**WHAT IS EXPECTED:** For this exercise, return only the lines in the records below from the one holding "Drawer-based dispensing requires" through the one holding "HUILE 2 TEMPS, XP® SYNTHETIC 578 18 00-03", including both, exactly as they appear and without pictures.

**MATERIAL FOR THE TASK:**

----------------

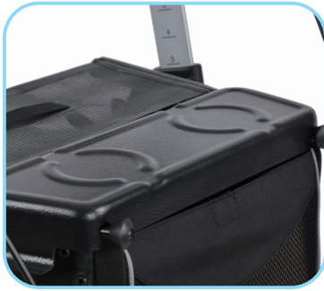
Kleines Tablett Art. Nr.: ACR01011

----------------

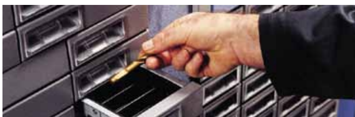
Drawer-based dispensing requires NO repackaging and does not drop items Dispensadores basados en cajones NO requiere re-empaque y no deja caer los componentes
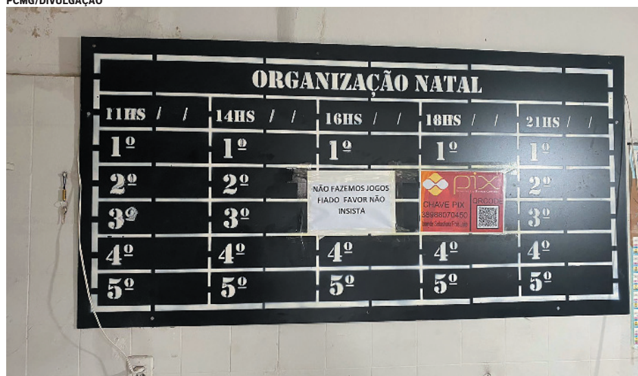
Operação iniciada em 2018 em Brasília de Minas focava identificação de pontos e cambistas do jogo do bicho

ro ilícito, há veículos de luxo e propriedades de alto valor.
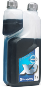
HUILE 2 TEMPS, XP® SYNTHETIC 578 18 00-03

----------------

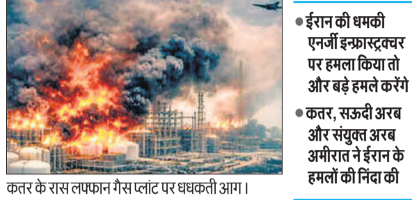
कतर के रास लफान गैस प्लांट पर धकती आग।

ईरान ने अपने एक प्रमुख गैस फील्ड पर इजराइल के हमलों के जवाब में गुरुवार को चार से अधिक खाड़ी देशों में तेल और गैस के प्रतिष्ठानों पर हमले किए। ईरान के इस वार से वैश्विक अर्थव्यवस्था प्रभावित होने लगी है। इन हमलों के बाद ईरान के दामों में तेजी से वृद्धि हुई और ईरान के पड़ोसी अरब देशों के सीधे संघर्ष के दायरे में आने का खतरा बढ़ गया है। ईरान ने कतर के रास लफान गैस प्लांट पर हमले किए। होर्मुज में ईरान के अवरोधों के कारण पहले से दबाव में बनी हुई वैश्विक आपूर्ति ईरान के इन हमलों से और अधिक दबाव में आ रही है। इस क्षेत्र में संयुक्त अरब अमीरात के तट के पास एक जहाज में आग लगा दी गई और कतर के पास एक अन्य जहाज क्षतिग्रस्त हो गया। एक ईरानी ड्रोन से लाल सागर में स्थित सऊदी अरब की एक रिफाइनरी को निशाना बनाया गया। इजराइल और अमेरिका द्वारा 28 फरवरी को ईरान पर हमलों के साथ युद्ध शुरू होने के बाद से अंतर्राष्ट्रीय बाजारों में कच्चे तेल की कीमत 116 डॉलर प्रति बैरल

----------------

**SOLUTION TO THIS PROBLEM:**
Drawer-based dispensing requires NO repackaging and does not drop items Dispensadores basados en cajones NO requiere re-empaque y no deja caer los componentes
Operação iniciada em 2018 em Brasília de Minas focava identificação de pontos e cambistas do jogo do bicho

ro ilícito, há veículos de luxo e propriedades de alto valor.
HUILE 2 TEMPS, XP® SYNTHETIC 578 18 00-03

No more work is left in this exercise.